RR, was that your first trip to SI? First time I did it, I knew I had to move to Florida. It's freaking addictive.


----------



## Railroader (Apr 13, 2005)

emanuel said:


> RR, was that your first trip to SI? First time I did it, I knew I had to move to Florida. It's freaking addictive.


Nope, been there a time or two before. It IS a great place. Not a place you can learn in a trip or two, though. I'll be going back more often, now that I have some willing accomplices..


----------



## sprtsracer (Apr 27, 2005)

Nice pics RR! Looks like you guys had a great time!!!


----------



## KodiakZach (Mar 16, 2005)

I know we aren't best friends and all, but nice pics. Tell your friend he needs to buy a truck


----------



## SeaSalt (Apr 29, 2002)

nice report RR!! looks like everyone is wearing the SSC shirts and sweats. nothing like fresh sushi though...


----------



## CrawFish (Sep 23, 2003)

Railroader said:


>


Nice report and nice pics.

Is that the new mag elite w/ clicker? Very nice.


----------



## barty b (Dec 31, 2004)

KodiakZach said:


> I know we aren't best friends and all, but nice pics. Tell your friend he needs to buy a truck


That would be me  And since you asked... Here's the condensed version of the story...

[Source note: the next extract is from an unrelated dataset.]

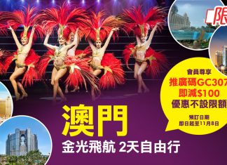 又有超筍嘅澳門套票介紹俾大家!永安旅遊推出「澳門金光飛航2日1夜套票」優惠,輸入推廣碼「GC307」後每位可減$100,即每位$599起!價錢已包5星級酒店住宿、金光飛航香港來回澳門氹仔船飛,仲送埋《百老匯奇幻秀》B區門票、「吃到飽」套餐券!抵呀! 用咗推廣碼後: 澳門新濠影匯酒店 Studio City 2天套票 (酒店+船飛)|每人$599起 澳門喜來登金沙城中心大酒店2天套票 (酒店+船飛)|每人$691起 澳門JW萬豪酒店2天套票 (酒店+船飛)|每人$797起 澳門銀河酒店2天套票 (酒店+船飛)|每人$882起 以上價格係以2人同行每位計,包晒所有稅項及附加費。 來回兩程船飛都可以自選上環或尖沙咀上落,想豪小小搭頭等艙的話,每位加$88就可以了! 優惠碼只限永安會員登入網站或手機 App 後使用,大家上永安網站就可以免費成為會員!12月30日前出發都可享優惠,但要11月8日前預訂!優惠係限時不限量嘅,優惠期內訂到就每位即慳$100啦! 預訂資訊: 出發日期:即日-2017年12月30日 (部分日子不適用) 預訂日期:即日-2017年11月8日 減$100推廣碼:GC307 預訂網址:https://package.wingontravel.com/

I had my truck packed and ready, About 2 miles from the house the POS breaks down on me. I wasn't about to bail on the trip and really wasn't going to fight the wife for her truck at 10 at night. So this is the result  Funny huh...Needless to say the POS that broke down went on Craigs list the next morning(Monday)...and check this out, My phone started blowing up about 9am Monday morning with interested people...the third call and the guy tells me he wants it sight unseen...Here's the kicker...I'm in S.I. He is in Orlando, The truck is in Jacksonville....His AUNT lives in Melbourne and is on the way to Bon Steele Beach park to bring me the $850 for the truck right then and there!!! I couldn't freakin believe it...You had to be there.


----------



## barty b (Dec 31, 2004)

CrawFish said:


> Nice report and nice pics.
> 
> Is that the new mag elite w/ clicker? Very nice.


Yup that's mine on the 13'10" Lami I just built....It's a nice reel but needs some modification,like removing the dumb azz giant 6 pin plastic brake thing and replacing it with the old style retainer/brake ring.


----------



## CrawFish (Sep 23, 2003)

barty b said:


> Yup that's mine on the 13'10" Lami I just built....It's a nice reel but needs some modification,like removing the dumb azz giant 6 pin plastic brake thing and replacing it with the old style retainer/brake ring.


Why am I not surprise that's yours?  I hear you about the brake thing. Why would you build a magged reels then put brakes in them..


----------



## barty b (Dec 31, 2004)

Thats what I said....You wouldn't believe how slow that thing is if you leave the 6 pin brake ring in....I almost returned it.


----------



## HellRhaY (Jul 6, 2007)

hats off to allaroundfishing, this is the second time in less than a month that he drove from georgia to sebastian inlet.

before you knew it, nick will be moving down here.
the inlet's going to bbe full this week til next. the florida surf casters are invading the inlet also.
i met lyndon in the inlet.

nice pics by the way and nicer sushi.


----------



## RuddeDogg (Mar 20, 2004)

Yeah man. Great report and pics. Thanks for sharing.


----------



## cpn_aaron (Apr 11, 2006)

It was an awesome time guys. Anytime you want to hit SI let me know. We can always throw another fish on the boards then sushi-fy him when we need that late night snack.

Good to meet a great deal of the gang and get some insane no-sleep-all-fishing fun.


----------



## VICIII (Apr 8, 2005)

cpn_aaron said:


> It was an awesome time guys. Anytime you want to hit SI let me know. We can always throw another fish on the boards then sushi-fy him when we need that late night snack.


I will take you up on that...!!
I will be there the week before easter due to out of town guests.


----------